▶ [SOURCE INFORMATION]:
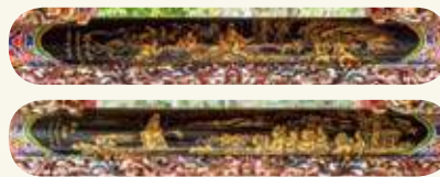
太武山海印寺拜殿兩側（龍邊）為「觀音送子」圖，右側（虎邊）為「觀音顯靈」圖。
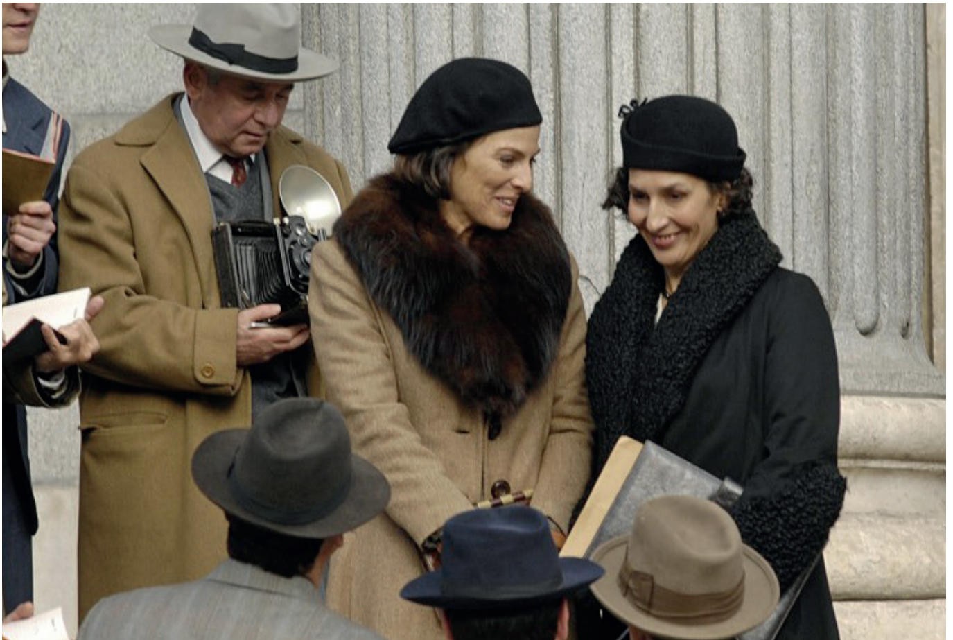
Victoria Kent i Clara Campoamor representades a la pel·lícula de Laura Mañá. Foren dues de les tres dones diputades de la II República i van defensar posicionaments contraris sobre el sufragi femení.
...
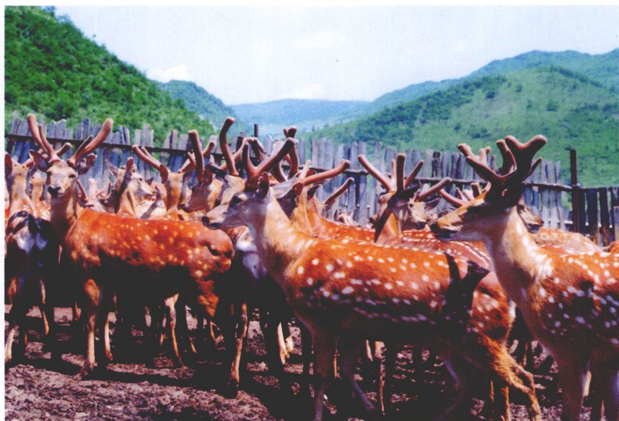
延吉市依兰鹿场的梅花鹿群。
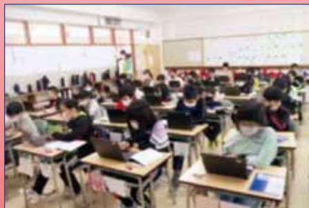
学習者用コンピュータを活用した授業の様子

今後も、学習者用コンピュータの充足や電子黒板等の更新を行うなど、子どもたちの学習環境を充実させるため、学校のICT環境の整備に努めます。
---
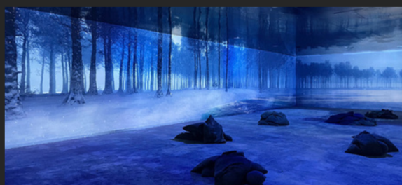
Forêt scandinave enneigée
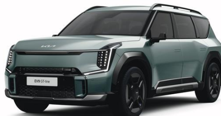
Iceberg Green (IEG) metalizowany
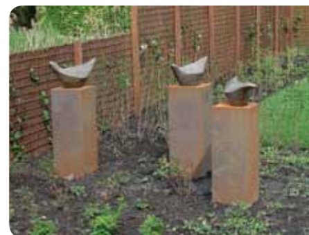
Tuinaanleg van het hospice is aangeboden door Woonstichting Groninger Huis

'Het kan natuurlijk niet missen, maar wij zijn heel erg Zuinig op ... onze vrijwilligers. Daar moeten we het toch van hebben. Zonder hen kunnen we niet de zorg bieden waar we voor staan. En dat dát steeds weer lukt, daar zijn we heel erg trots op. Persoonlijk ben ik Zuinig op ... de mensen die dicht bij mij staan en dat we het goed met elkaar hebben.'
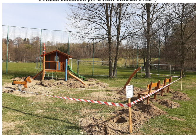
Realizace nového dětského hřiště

▶ [WHAT YOU SHOULD DO]: Print exactly the lines above that run from the one with "Iceberg Green (IEG) metalizowany" to the one with "Tuinaanleg van het", both included. No pictures.

▶ [ANSWER BELOW]:
Iceberg Green (IEG) metalizowany
Tuinaanleg van het hospice is aangeboden door Woonstichting Groninger Huis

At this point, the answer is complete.